L’équité commande par ailleurs de faire droit à hauteur de 200 euros à la demande de la SCI SHARMA concernant les frais non compris dans les dépens, en application des dispositions précitées.
Selon l’article 514 du code de procédure civile, les décisions de première instance sont de droit exécutoires à titre provisoire à moins que la loi ou la décision rendue n’en dispose autrement.
Toutefois, selon l’article 514-1 du même code, le juge peut écarter l’exécution provisoire de droit, en tout ou partie, s’il estime qu’elle est incompatible avec la nature de l’affaire. Il statue, d’office ou à la demande d’une partie, par décision spécialement motivée.

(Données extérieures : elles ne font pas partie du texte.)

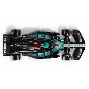 Medidas ? Um conjunto de carro de 267 peças com um carro de corrida da equipe Mercedes-AMG PETRONAS F1 que mede mais de 1 pol. (2 cm) de altura, 8 pol. (20 cm) de comprimento e 3 pol. (8 cm) de largura

En l’espèce, au regard des conséquences graves et irréversibles de l’exécution de la présente décision, l’exécution provisoire risque d’entraîner des conséquences manifestement excessives privant de réalité le droit au double degré de juridiction, et apparaît, de ce fait, incompatible avec la nature de l’affaire. Il convient donc de l’écarter.
PAR CES MOTIFS
Le juge des contentieux de la protection,
CONSTATE que la dette locative visée dans le commandement de payer du 23 juillet 2024 n’a pas été réglée dans le délai de deux mois ;
CONSTATE, en conséquence, que le contrat conclu le 15 décembre 2019 entre la SCI SHARMA, d’une part, et M. [B] [M], d’autre part, concernant les locaux avec garage n°50 situés au [Adresse 3] à Schiltigheim (67300) est résilié depuis le 24 septembre 2024 ;
DIT n’y avoir lieu d’octroyer des délais de paiement à M. [B] [M], sans préjudice des délais qui pourraient lui être accordés dans le cadre d’une procédure de surendettement ;
ORDONNE à M. [B] [M] de libérer de sa personne, de ses biens, ainsi que de tous occupants de son chef, les lieux situés au [Adresse 3] à [Localité 8] ainsi que, le cas échéant, tous les lieux loués accessoirement au logement ;
DIT qu’à défaut de libération volontaire, il pourra être procédé à son expulsion et à celle de tous occupants de son chef avec l’assistance de la force publique ;
DIT que le sort des meubles sera régi conformément aux dispositions des articles L. 433-1 et L. 433-2 du code des procédures civiles d’exécution ;
RAPPELLE que l’expulsion ne pourra avoir lieu qu’hors période hivernale et à l’expiration d’un délai de deux mois suivant la délivrance d’un commandement d’avoir à libérer les lieux ;
CONDAMNE M. [B] [M] au paiement d’une indemnité d’occupation mensuelle égale au loyer et aux charges qui auraient été dus en cas de poursuite du bail, soit 610 euros (six cent dix euros) par mois ;
DIT que cette indemnité d’occupation, qui se substitue au loyer dès le 24 septembre 2024, est payable dans les mêmes conditions que l’étaient le loyer et les charges, jusqu’à libération effective des lieux et remise des clés à la bailleresse ou à son mandataire ;
CONDAMNE M. [B] [M] à payer à la SCI SHARMA la somme de 1 633 euros (mille six cent trente-trois euros) au titre de l’arriéré locatif arrêté au 23 juillet 2024, avec intérêts au taux légal à compter de l’assignation ;
CONDAMNE M. [B] [M] aux dépens comprenant notamment le coût du commandement de payer du 23 juillet 2024 et du 23 août 2024 et celui de l’assignation du 30 janvier 2025 ;
CONDAMNE M. [B] [M] à payer à la SCI SHARMA la somme de 200 euros (deux cents euros) au titre de l’article 700 du code de procédure civile ;
ÉCARTE l’exécution provisoire de droit de la présente décision.
Ainsi jugé par mise à disposition au greffe le 09 septembre 2025, et signé par le juge et la greffière susnommés.